Segundo Ana João Pissarra é preciso ter em conta que a quimioterapia, enquanto tratamento, “engloba vários tipos de fármacos” e “os efeitos podem ser um pouco mais específicos” dependendo do grupo de medicamentos utilizado.

Tal como se refere num texto do balcão digital do Serviço Nacional de Saúde (SNS 24), a quimioterapia pode ser administrada “oralmente (comprimidos)” e “por via endovenosa (através de um cateter colocado numa veia)”.

Cláudia Vieira refere que “os efeitos secundários mais frequentes” da quimioterapia são “o cansaço, a perda de apetite, os enjoos, as náuseas e os vómitos” (ver também aqui e aqui).

O tratamento pode também causar “alterações a nível da mucosa oral” e aumentar a probabilidade de o doente “desenvolver aftas na boca”, aponta Ana João Pissarra.

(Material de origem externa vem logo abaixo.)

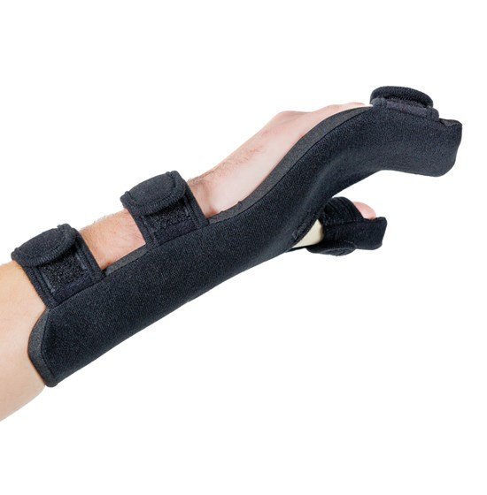 Εργονομικός πηχεοκαρποδακτυλικός νάρθηκας άκρας χειρός. Κατασκευή από πλαστικό υλικό με αφρώδη υποαλλεργική επένδυση. Σταθεροποιεί τον καρπό και τον αντίχειρα σε ουδέτερη θέση με ελαφριά κάμψη δακτύλων. Αυτοκόλλητη επίδεση του νάρθηκα σε 4 σημεία.

A nível gastrointestinal, a quimioterapia pode ainda “causar diarreia ou obstipação”. 

É comum a ideia de que “a quimioterapia faz cair o cabelo” e, segundo as duas oncologistas, alguns grupos de fármacos podem, de facto, provocar esse efeito secundário.

Outro efeito muito comum neste contexto prende-se com “alterações a nível do sangue”, salienta Ana João Pissarra. É habitual verificar-se “anemia, baixa de plaquetas e baixa de glóbulos brancos”.

A anemia, sobretudo, “pode dar o tal cansaço, um dos sintomas mais frequentes enquanto se faz quimioterapia”.

A alteração no nível de plaquetas “pode provocar hemorragias com mais facilidade”, na gengiva e no nariz, por exemplo.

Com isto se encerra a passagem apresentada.